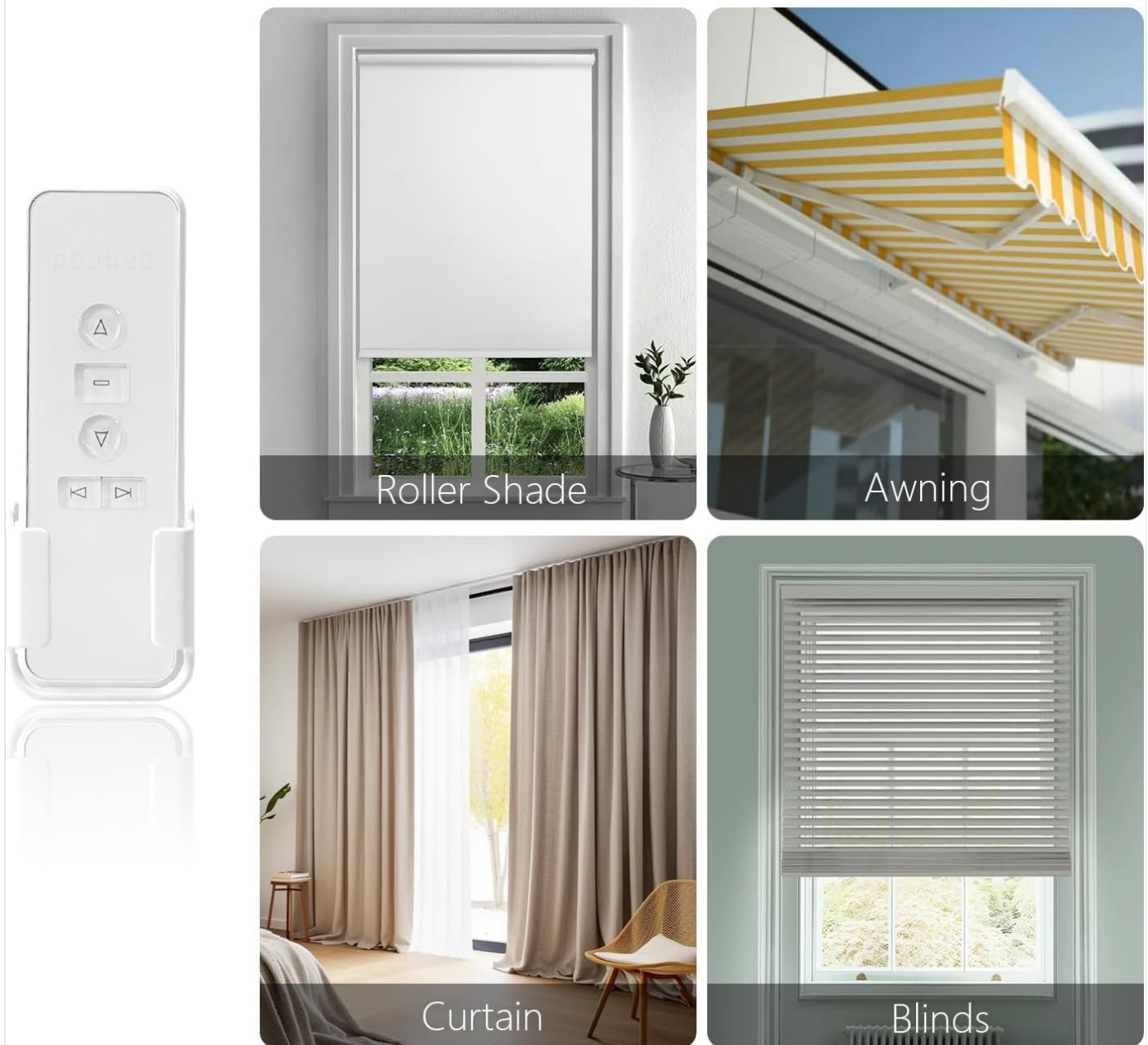
Figure 4.2: Illustrations of various compatible devices, including roller shades, awnings, curtains, and blinds, highlighting the transmitter's broad applicability.
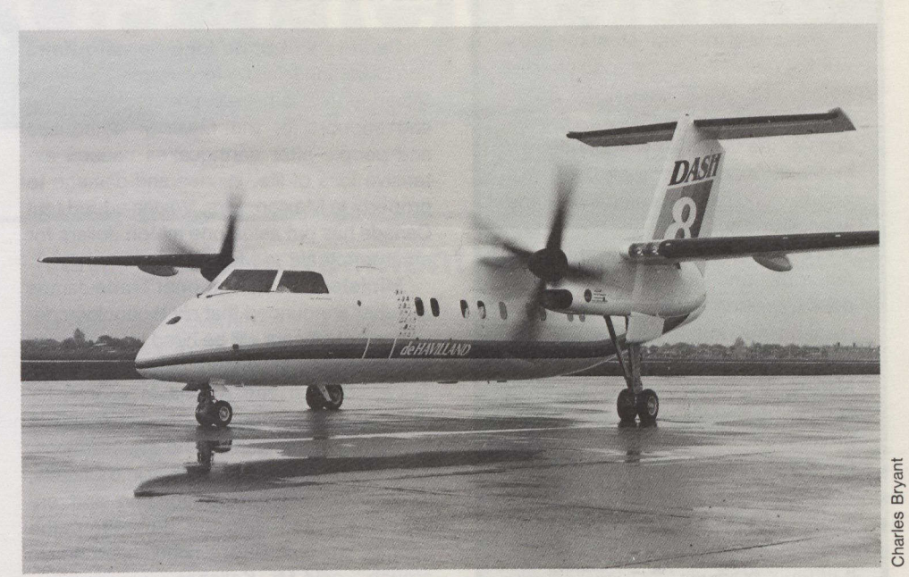
De Havilland nets record sale for its Dash 8 commuter aircraft.

De Havilland Aircraft of Canada Limited has signed a contract with Horizon Air of Seattle to supply ten Dash 8 commuter airplanes with an option for an additional ten. The deal is the largest single commercial order of any aircraft manufactured by the company and could amount to almost $200 million if all the planes and spare parts are purchased.
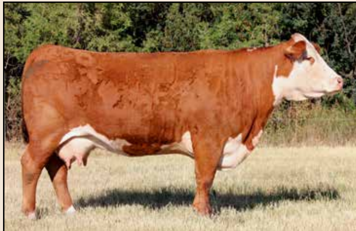
HH Miss Advance 6155S – Dam of Lot 16
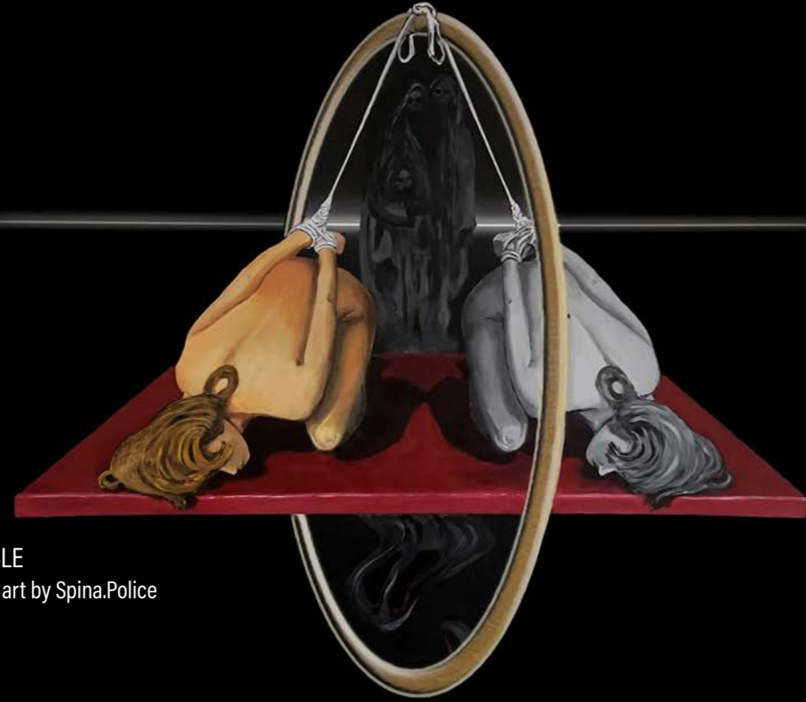
THE DOUBLE installation art by Spina.Police
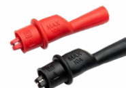
Crocodile clip mini, 1 kV 10 A (set)
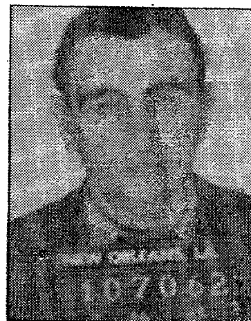
DAVID FERRIE died mysteriously, as he said he would. He also worked for the CIA.
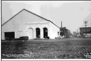
View from the Riverbank facing east up Smith St.

May & Senders Store, at 125 Smith St.; and the current home of Spot Hogg
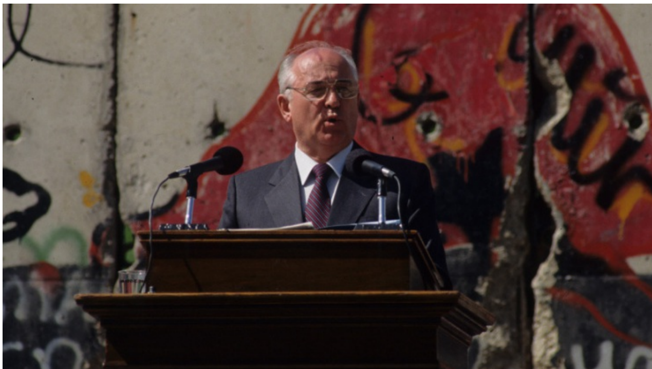
Image Credit: ' End of Cold War – Mikhail Gorbachev Event ' by Photographer/Studio SW licensed by Missouri State Archives, No Known Copyright Restrictions

Zubok's lengthy and detailed study is easy to read. It is crafted with a strong narrative approach to relate an unfolding drama. This not only keeps the reader's attention, but also provides a wealth of detail and analysis that can only be undertaken by someone with Zubok's lifetime of work on the subject.
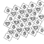
'776 and '830 patents
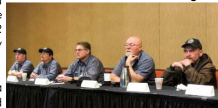
LRCR Maintenance Team at Arc Flash Training
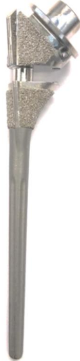
Stem & Body Engagement with Incorrect Screw Assembly
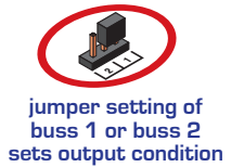
each output is programmable for constant voltage or fire alarm drop at either 12 or 24VDC
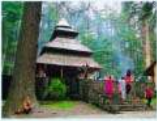
Hidimba Devi Temple

Day 3- Manali sightseeing - Manali is well known for many things. Few of them are Momos, snow, hills & Hidimbadevi temple. We visited famous Vashishtha temple, Hidimbatemple, Ghatotkach temple and mall
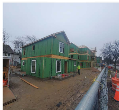
Parliament/Fairfield Renovations of existing buildings in the Parliament/Fairfield project are underway
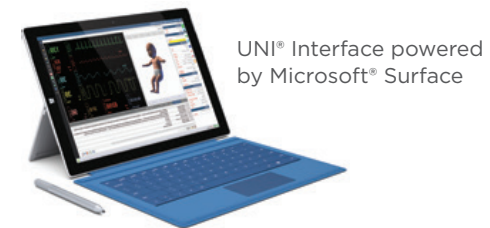
UNI® Interface powered by Microsoft® Surface
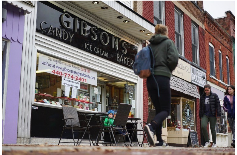
Gibson's Bakery, Oberlin, Ohio

Three black students entered the store (which also sells wine) on November 9, 2016, and the police recorded what happened next:
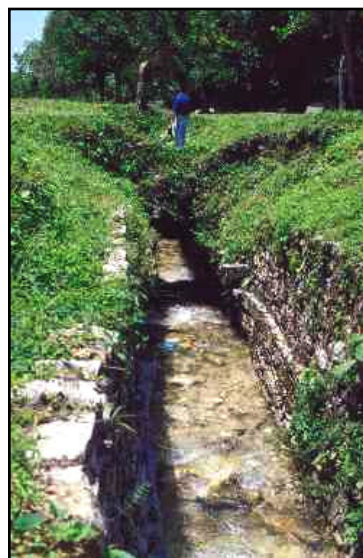
Figure 1 - The Otulum

Another aspect of the Palenque Mapping Project is the documentation of the numerous water features found within the site boundary. Palenque's water management differed from that of other lowland Maya sites due to its many perennial water sources. The Palenque Mapping Project has located twenty-six springs within site boundaries. Of those, thirteen are associated with architecture. Most of the sites in the lowlands dealt with the conservation and storage of water. Palenque had an abundance of water, which gave them an opportunity to devise new and inventive ways of controlling and moving the flow of water. This helps to explain the extreme diversity of Palenque's water management systems.
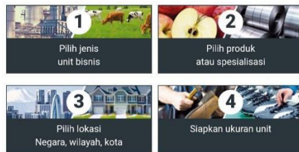
Figure 1. Virtonomics Game
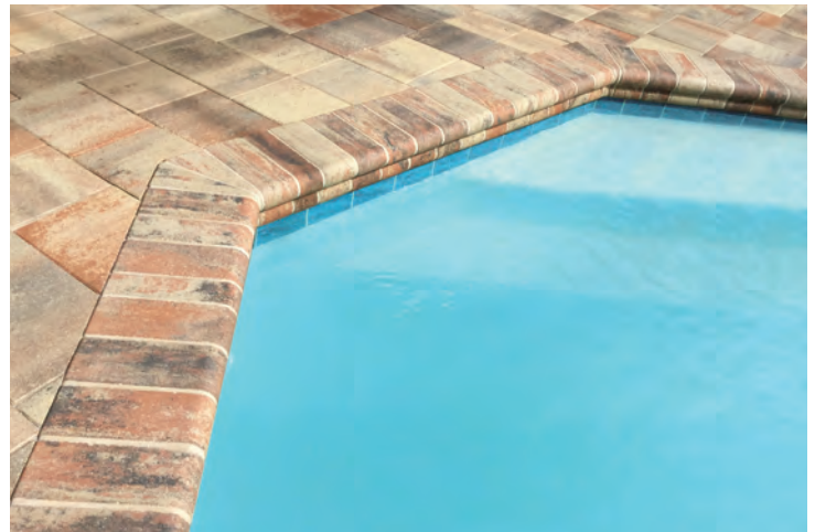
2 3 / 4 " Remodel Coping, Cream / Orange / Pewter
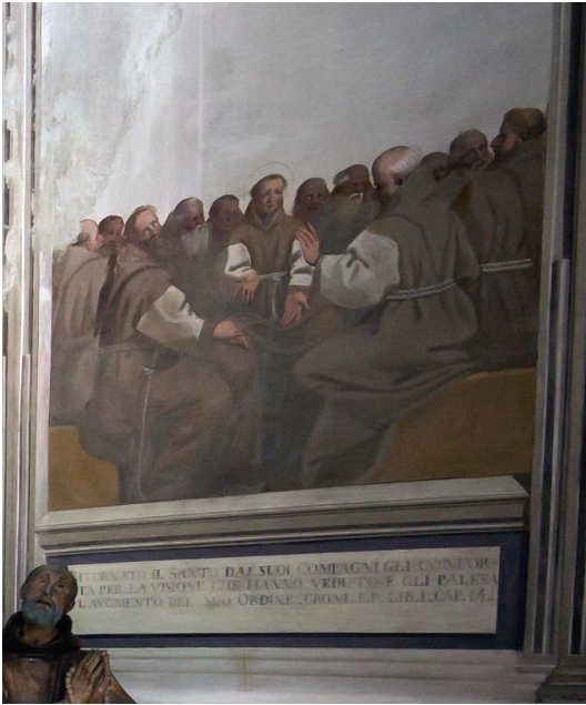
Fig. 31. St. Francis explains the Vision of the Chariot of Fire. Wall fresco, Chapel VIII, Sacro Monte di Orta.
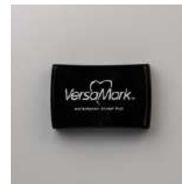
VersaMark Pad [102283]
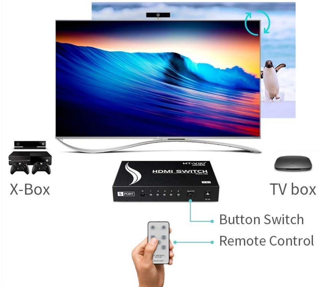
Image: IR Remote Control for the HDMI Switch.

Lets you swap HDMI channels up to 15 ft without needing to get out of your comfortable zone.
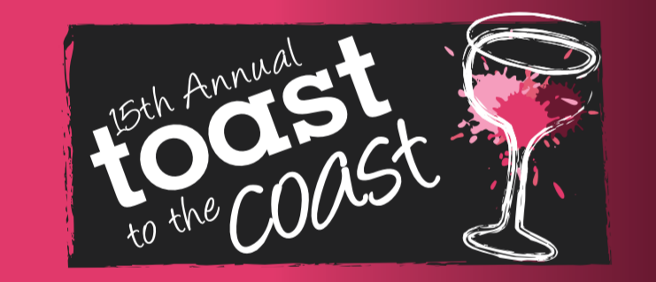
Geelong's Wine, Food & Music Festival
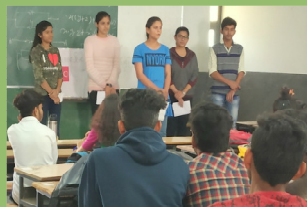
B.Sc. I year students making Entrepreneurship presentation
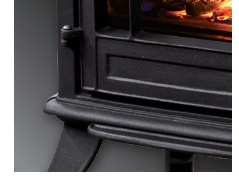
Cast iron doors
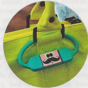
USB flash drive, ₹ 580, by Kya Cheez Hain
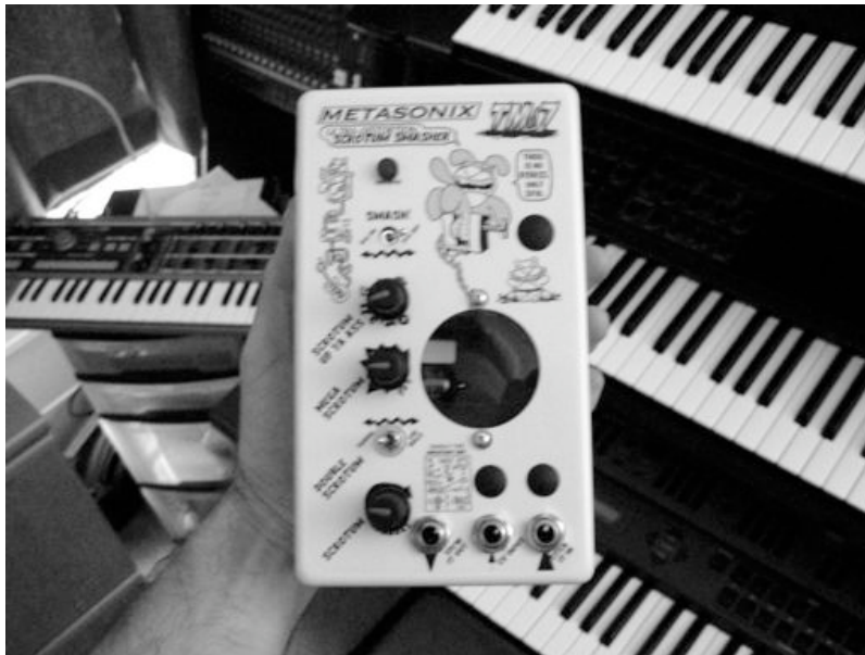
(image blurred to recreate realistic drunken euphoric effect on the cradler)

How to connect devices and whatnot to your pedal, and begin the journey that will color your soul a sort of brownish-grey forever and ever: plug your keyboard, guitar, electric zither, 8-track player, or other sound source into where it says " Stick It In. " Connect your mixer or sound recording device to where it says " Spew It Out. " Don't talk to the nice man in the van, even though the candy looks perfectly safe.

^^^^^^^^^^^^^^^^

What you are asked to do - Only the lines from the one holding "(image blurred to" to the end of the listing are to be written out, word for word.

Answer space -
(image blurred to recreate realistic drunken euphoric effect on the cradler)

How to connect devices and whatnot to your pedal, and begin the journey that will color your soul a sort of brownish-grey forever and ever: plug your keyboard, guitar, electric zither, 8-track player, or other sound source into where it says " Stick It In. " Connect your mixer or sound recording device to where it says " Spew It Out. " Don't talk to the nice man in the van, even though the candy looks perfectly safe.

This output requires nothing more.